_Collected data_

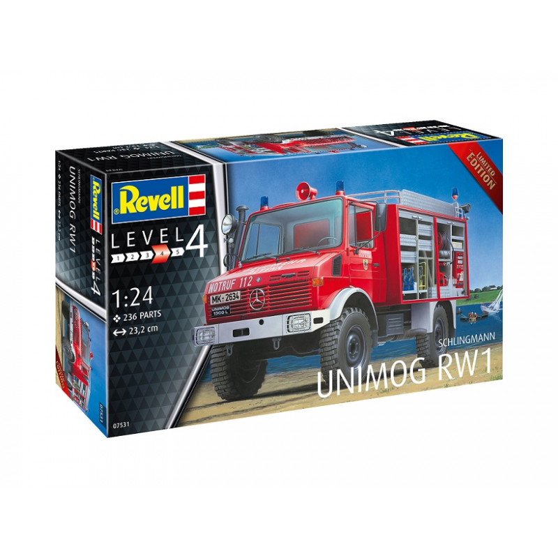 Le Mercedes Unimog est un engin de franchissement utilisé dans divers secteurs d'activité. Il est notamment utilisé par les pompiers, leur permettant d'acheminer beaucoup de matériel dans des lieux peu accessibles. La maquette camion Revell au 1/24 propose une version KW1 accompagnée de nombreux accessoires, réf: 07531
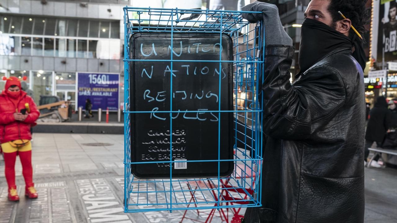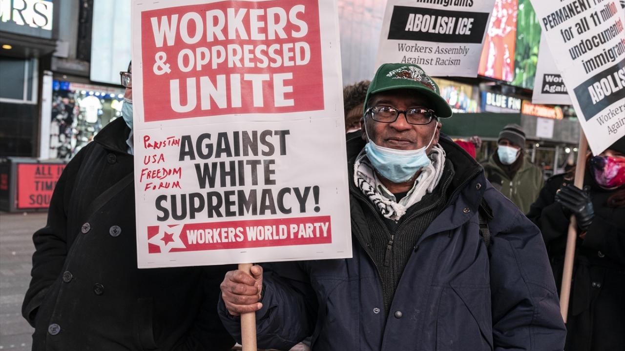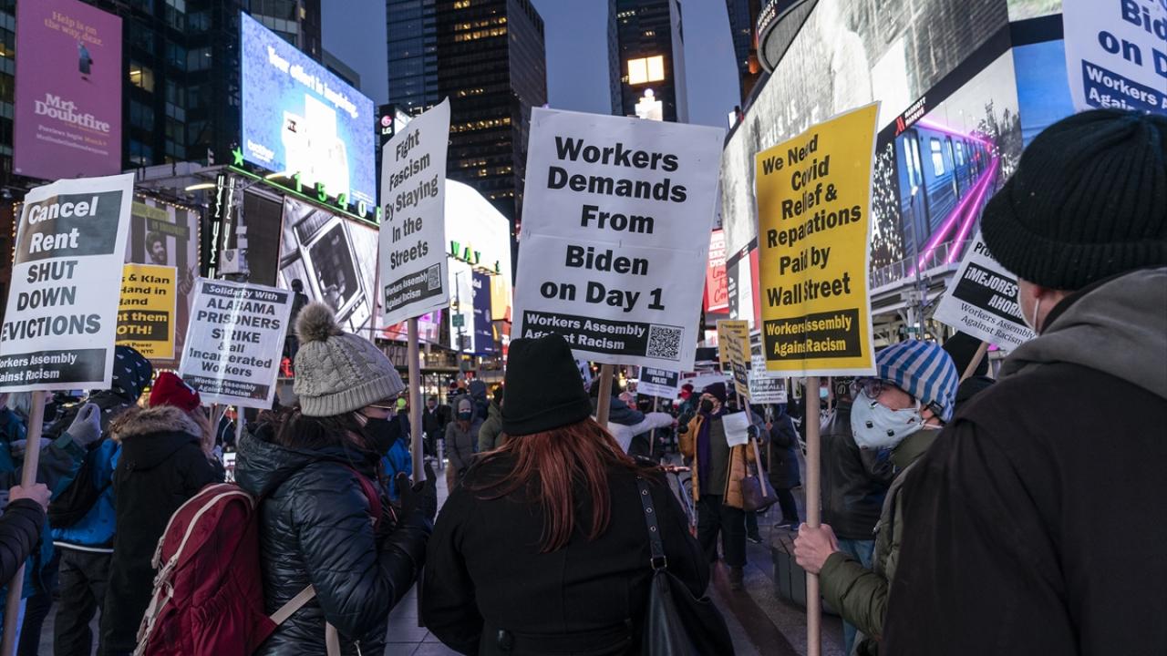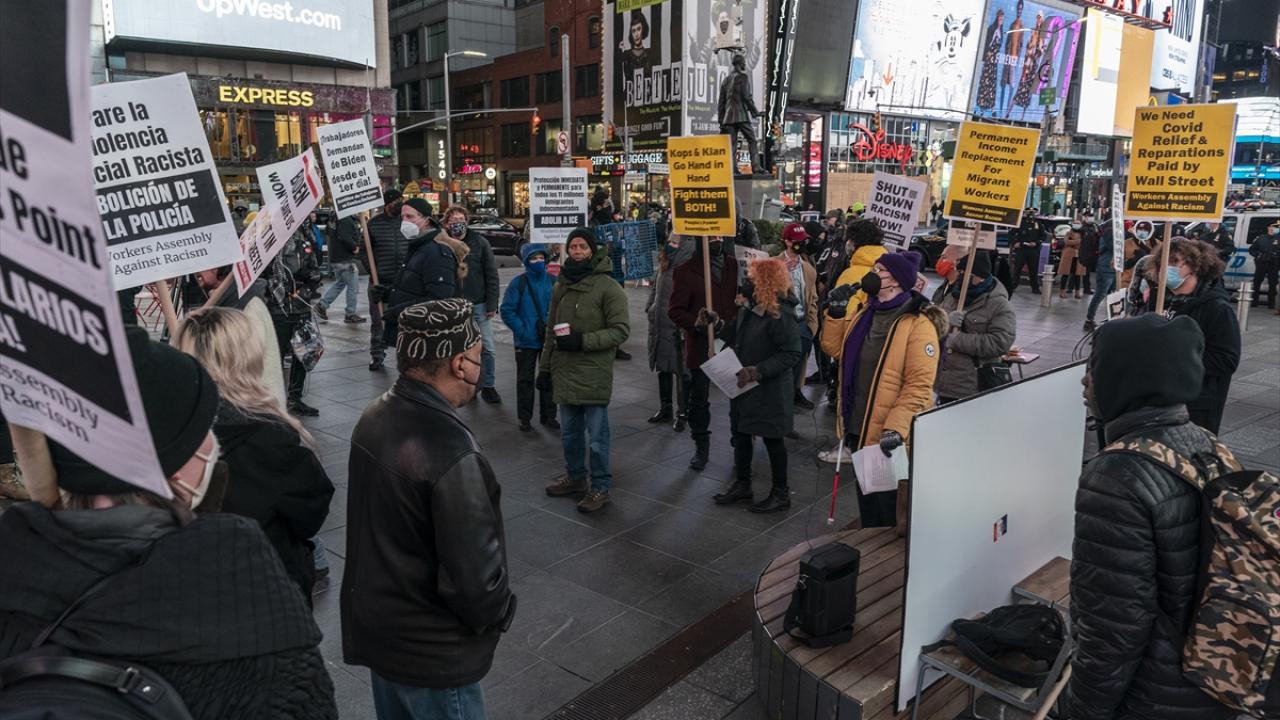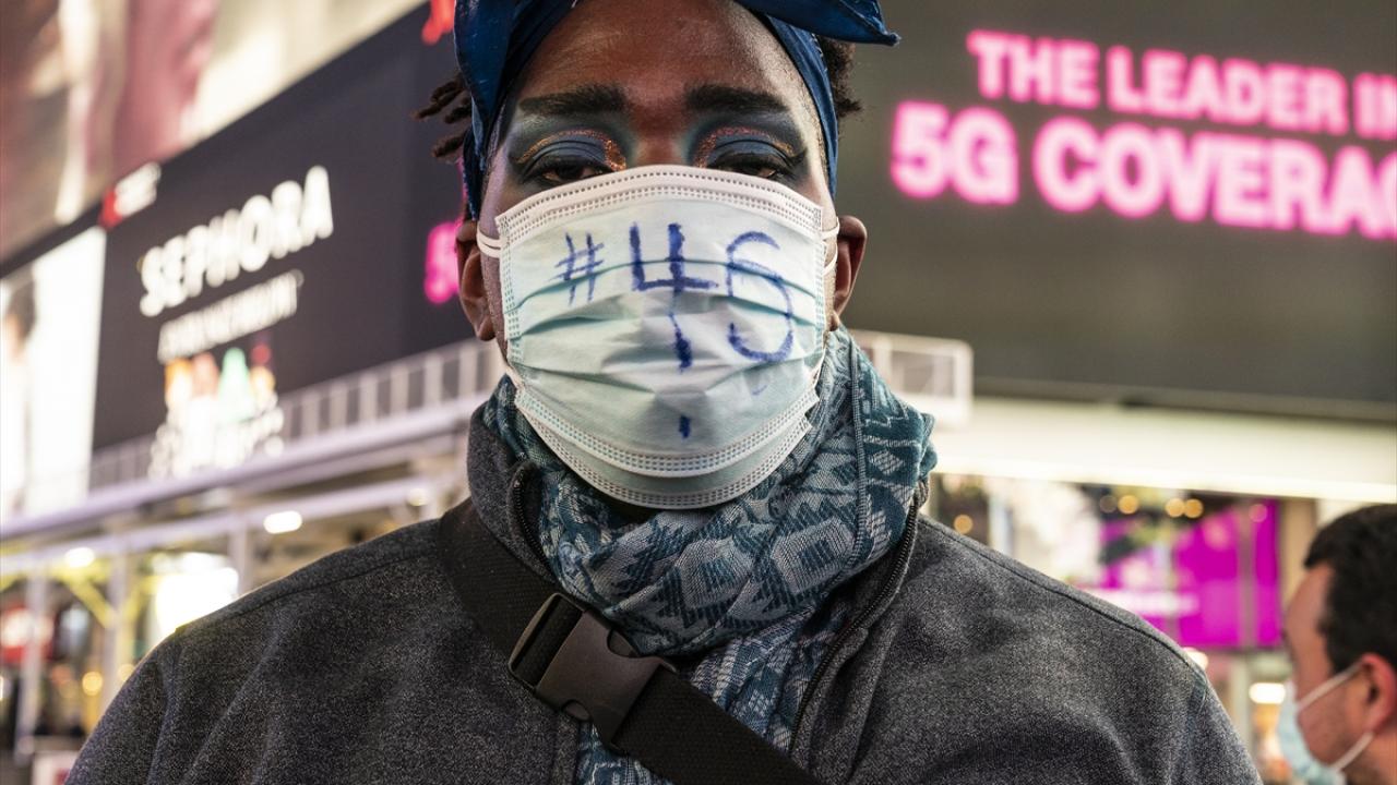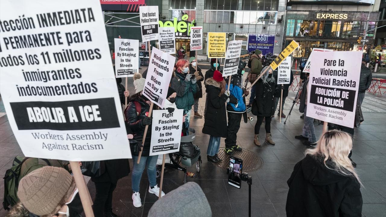 ABD'de seçilmiş Başkan Joe Biden'ın başkent Washington'daki Kongre binasında düzenlenen yemin töreniyle görevine başlamasının ardından, New York'taki Times Meydanı'nda toplanan bir grup ırkçılık karşıtı gösteri düzenledi.
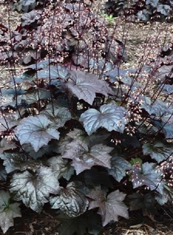 ПрименениеДекоративное растение.Дерево (куст)Гейхера Блэкаут - вечнозеленое травянистое растение. Размеры одного кустика достигают 20 см в высоту и 30 см в ширину. Хорошо разрастается.ЛистьяЛистья кленовидные, с характерными зубчиками. Они меняют окраску в течение сезона. Большую часть времени листья остаются почти черными, но к осени светлеют до темно-коричневого с красным тонами.
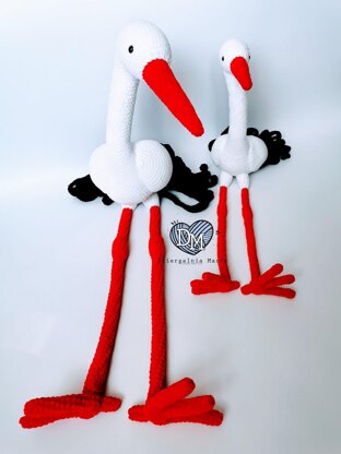 Size Himalaya Dolphin Baby yarn was used (the stork measures 40 cm when sitting, body length: 87 cm) and Himalaya Dolphin Fine (the stork measures 35 cm when sitting, body length: 60 cm). Do wykonania użyto włóczki Himalaya Dolphin Baby (bocian mierzy 40 cm na siedząco, długość ciała: 87 cm) oraz Himalaya Dolphin Fine (bocian mierzy 35 cm na siedząco, długość ciała: 60 cm).
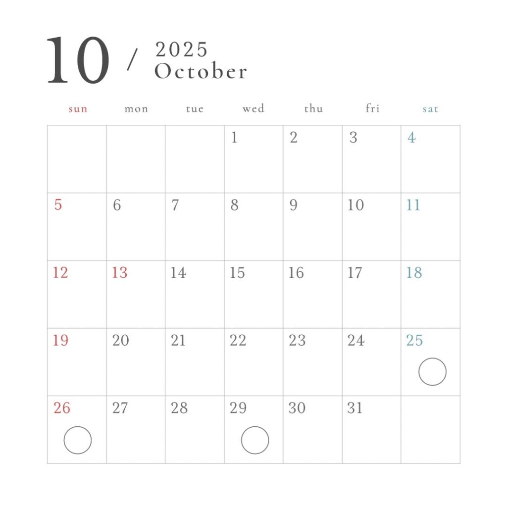 ※カレンダー以外の日時でも承っております。

_WORK TO BE COMPLETED_
In this exercise, set down all of the data exactly, without the pictures.

_RESPONSE FOR THIS EXERCISE_
 Le Mercedes Unimog est un engin de franchissement utilisé dans divers secteurs d'activité. Il est notamment utilisé par les pompiers, leur permettant d'acheminer beaucoup de matériel dans des lieux peu accessibles. La maquette camion Revell au 1/24 propose une version KW1 accompagnée de nombreux accessoires, réf: 07531
 ABD'de seçilmiş Başkan Joe Biden'ın başkent Washington'daki Kongre binasında düzenlenen yemin töreniyle görevine başlamasının ardından, New York'taki Times Meydanı'nda toplanan bir grup ırkçılık karşıtı gösteri düzenledi.
 ПрименениеДекоративное растение.Дерево (куст)Гейхера Блэкаут - вечнозеленое травянистое растение. Размеры одного кустика достигают 20 см в высоту и 30 см в ширину. Хорошо разрастается.ЛистьяЛистья кленовидные, с характерными зубчиками. Они меняют окраску в течение сезона. Большую часть времени листья остаются почти черными, но к осени светлеют до темно-коричневого с красным тонами.
 Size Himalaya Dolphin Baby yarn was used (the stork measures 40 cm when sitting, body length: 87 cm) and Himalaya Dolphin Fine (the stork measures 35 cm when sitting, body length: 60 cm). Do wykonania użyto włóczki Himalaya Dolphin Baby (bocian mierzy 40 cm na siedząco, długość ciała: 87 cm) oraz Himalaya Dolphin Fine (bocian mierzy 35 cm na siedząco, długość ciała: 60 cm).
 ※カレンダー以外の日時でも承っております。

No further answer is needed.